With the number of governmental regulations growing, it is essential that food processing facilities stay on top of the current trends and best practices to be market leaders. Implementing a color-coding program is a great way to help accomplish that.

Here are five things that you should know about color-coding:

1. It simplifies the traceability of tools

Tracing the overall process is challenging and maintaining that same control over your own facility isn’t much easier. Many food processing facilities are large outfits with numerous people working different shifts, and some are small, localized businesses with few staff members. Trying to keep track of food’s movements can prove difficult for big processors and mom-and-pop shops alike, though traceability is important in every single production facility.

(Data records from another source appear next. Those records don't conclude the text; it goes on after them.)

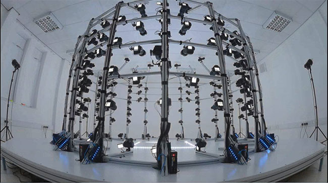 該系統(tǒng)通過軟件控制128個(gè)高精度CCD攝像頭進(jìn)行陣列式多角度同時(shí)拍照,形成0.1秒內(nèi)拍攝物體個(gè)角度的照片組,將照片組導(dǎo)入專業(yè)數(shù)據(jù)處理軟件,轉(zhuǎn)換成高質(zhì)量帶貼圖的色彩三維人像,并能實(shí)現(xiàn)對(duì)動(dòng)態(tài)物體的瞬時(shí)捕捉。
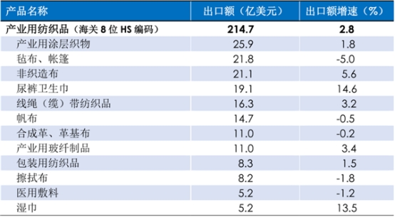 數(shù)據(jù)來(lái)源:中國(guó)海關(guān),中國(guó)產(chǎn)業(yè)用紡織品行業(yè)協(xié)會(huì)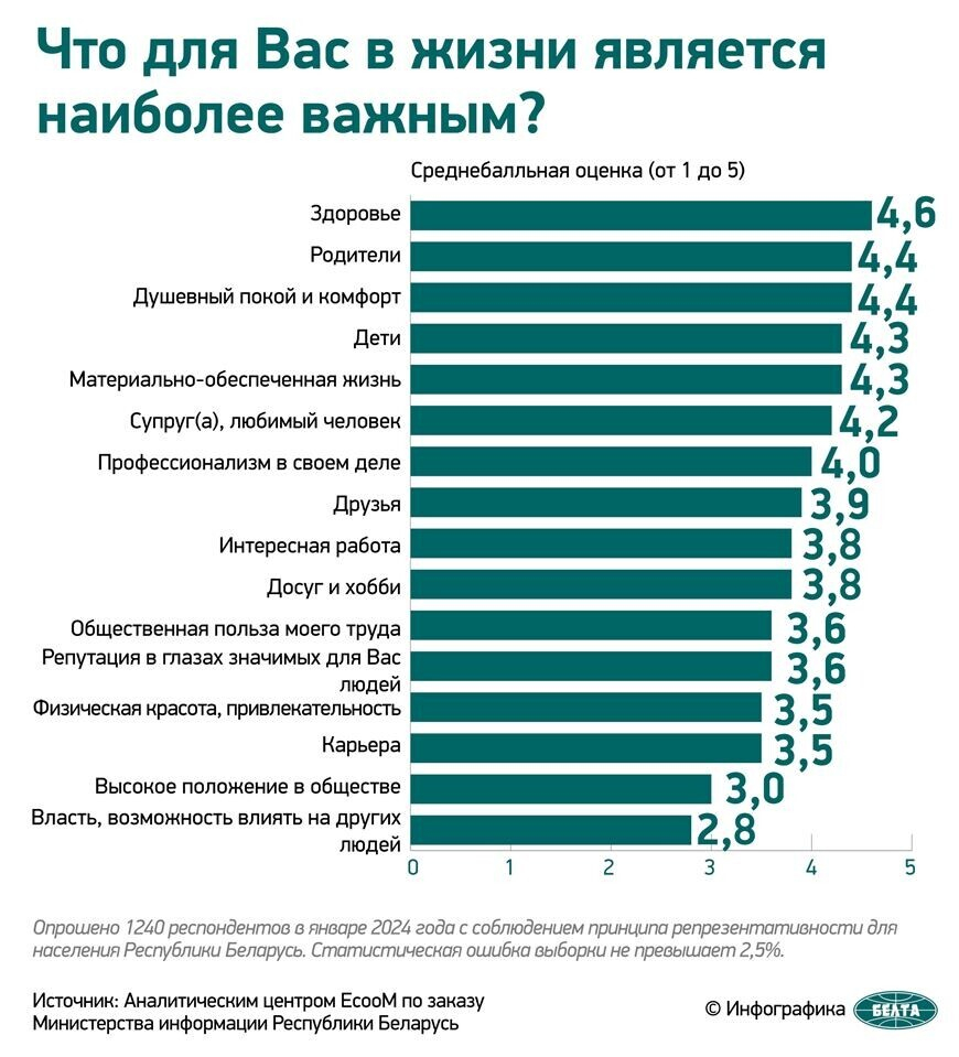 Наименее важными сторонами своей жизни белорусы назвали карьерные устремления, высокое положение в обществе и власть. На последнем месте оказалась возможность влиять на других людей.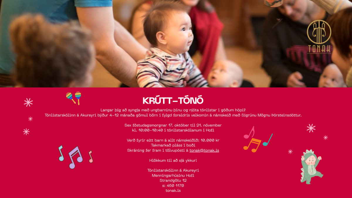 Tónlistarskólinn á Akureyri býður 4-12 mánaða gömul börn í fylgd foreldris velkomin á námskeið með Sigrúnu Mögnu Þórsteinsdóttur.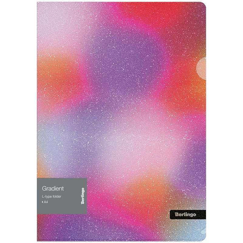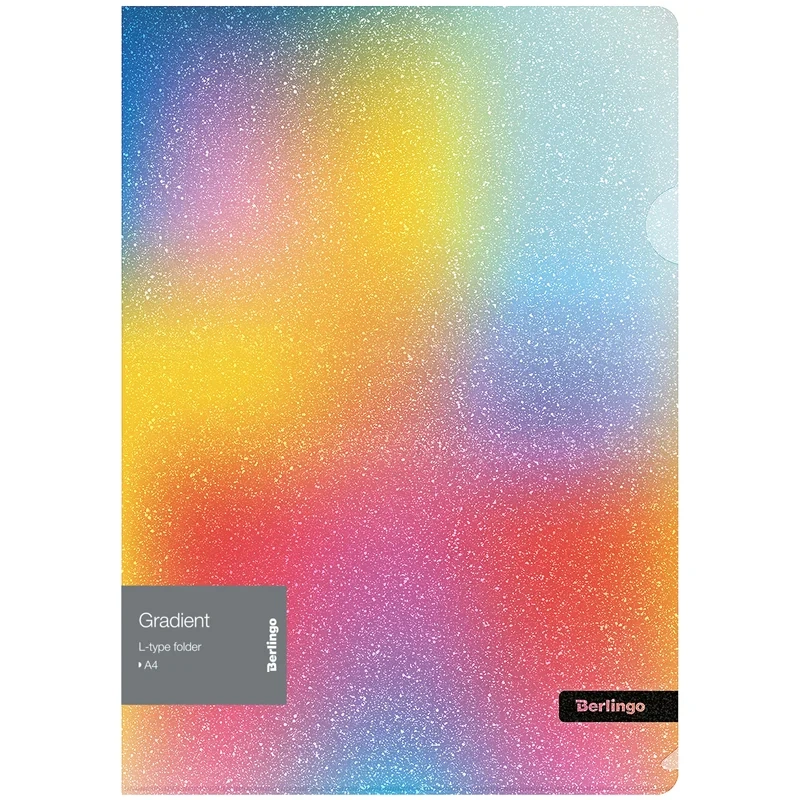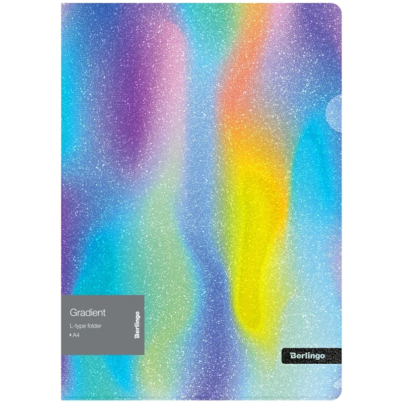 Папка-уголок пластиковая, с эффектом блесток, Berlingo 'Gradient' формата А4. 4 дизайна ассорти в стиле градиент. Эффект блесток достигается благодаря освещению, особенно заметно при холодном LED-освещении. Удобная полукруглая вырубка с лицевой стороны. Быстрый доступ к документам. Изготовлена из высококачественного полипропилена с текстурой поверхности 'апельсиновая корка', на которой не видно отпечатков пальцев и мелких царапин. Предназначена для хранения документов. Толщина 200мкм. Вмещает до 20 листов. Упаковка в прозрачный пакет по форме на 4шт с различными дизайнами. Индивидуальный штрих-код на каждой папке-конверте на съемном стикере с информацией.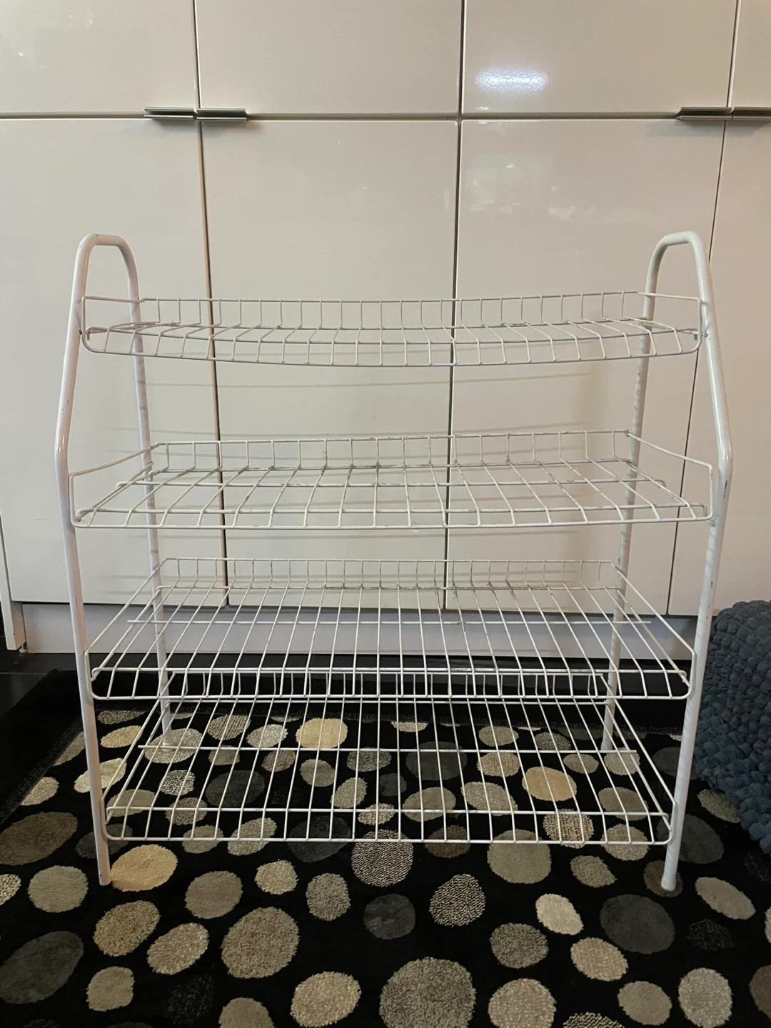 Selling a handy white shoes shelf rack! It's perfect for adding extra storage space in your kitchen, bathroom, or anywhere else you need it. It's in great condition and ready for a new home.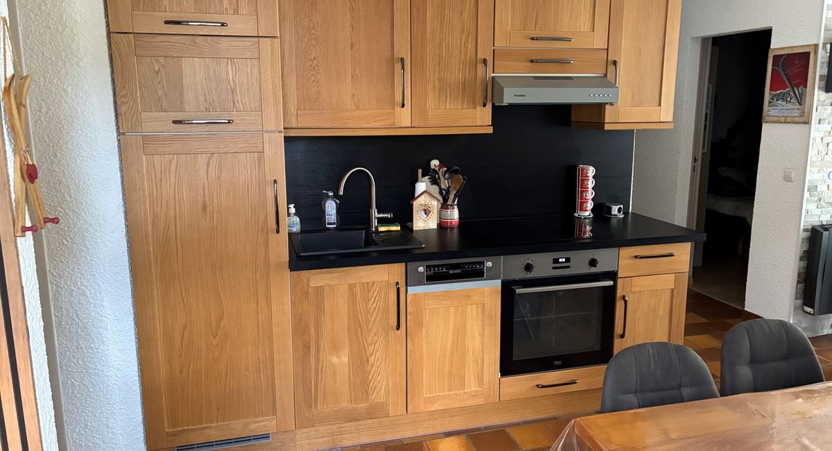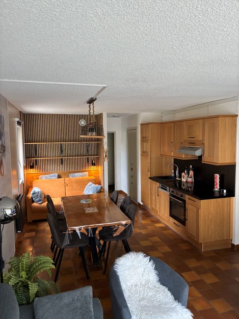 - A large living room with a fully-equipped kitchen, a sitting area with a 140x190 sofa bed, a 50" television and a sofa bed.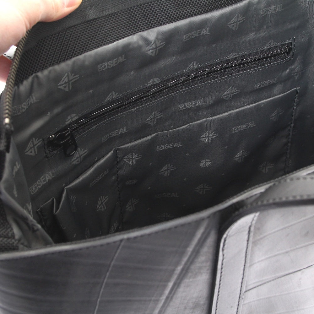 タイヤチューブを全面に使用したSEALらしいトートバッグ。シンプルなデザインと機能性は癖が無くどなたでも、どのようなシーンでも使い易いバッグとなっております。底鋲とマチ幅もあり、自立もしてくれます。この製品はサンプル品だけの1点、特別モデルです。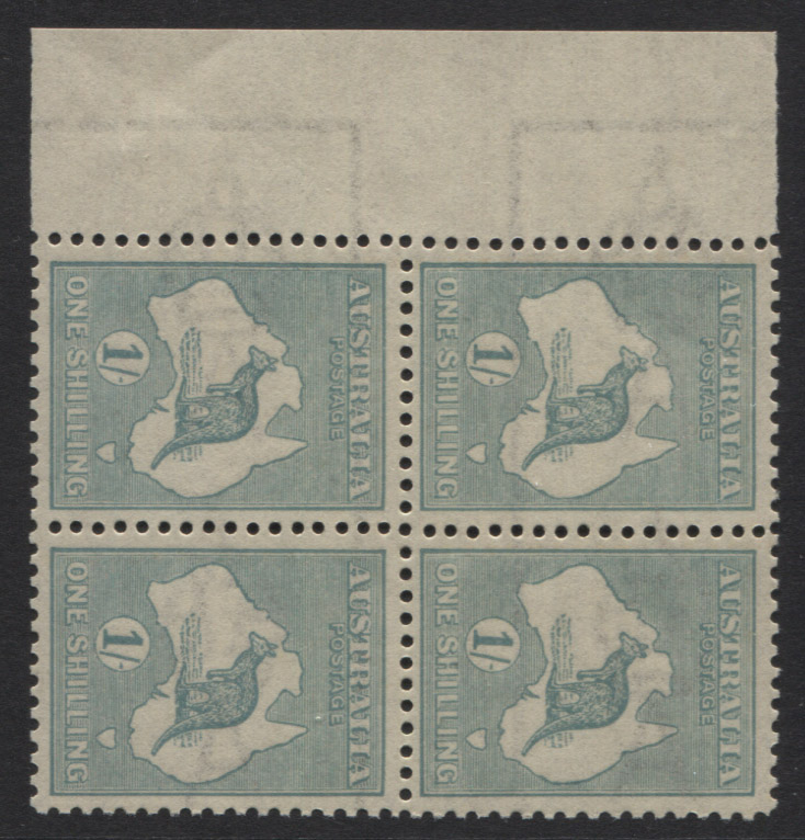 1/- green, die 2B with watermark SIDEWAYS. A very fine block of 4, with watermark identifying central gutter position. Very fine, mint unhinged.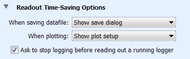 在讀出運行的記錄器之前要求停止記錄。當選中此復選框時,每次讀出仍在記錄數(shù)據(jù)的記錄器時,都會顯示一條消息。該消息詢問您是要停止記錄器還是讓它在讀取過程中繼續(xù)記錄數(shù)據(jù)。如果取消選擇此復選框,仍在記錄數(shù)據(jù)的記錄器將在讀出期間自動繼續(xù)記錄。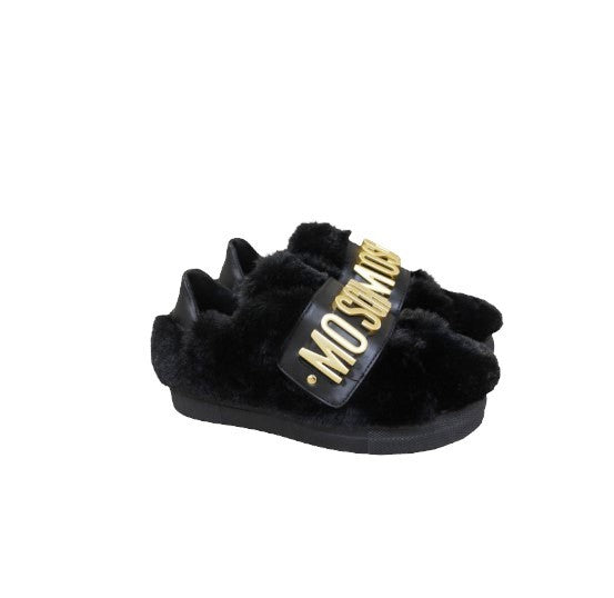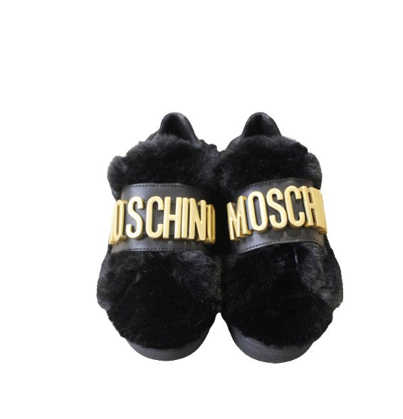 Moschino sneakers with gold metal logo on the strap.

Having color-coding in processing facilities enhances the level of traceability. Having a color-coding system helps track tools within the facility, making food that much safer. If you use red for the raw meat zone, then you know that a red tool in the yellow zone, which is for processed food, is a contamination threat. You can then take steps to remove the potentially contaminated food from that area. This is much easier than trying to remove contaminated food after it has left the facility, which could cost millions of dollars.

The benefit of having tools that are completely color-coded is that they provide instant recognition. To immediately know the origination of a tool is vital to preventing lost time, production shutdown and delays. Having tight traceability in food processing facilities not only diminishes the chance of a recall, it also helps keep your facility on time with deadlines, helps the bottom line and looks good in the public’s and regulators’ eyes.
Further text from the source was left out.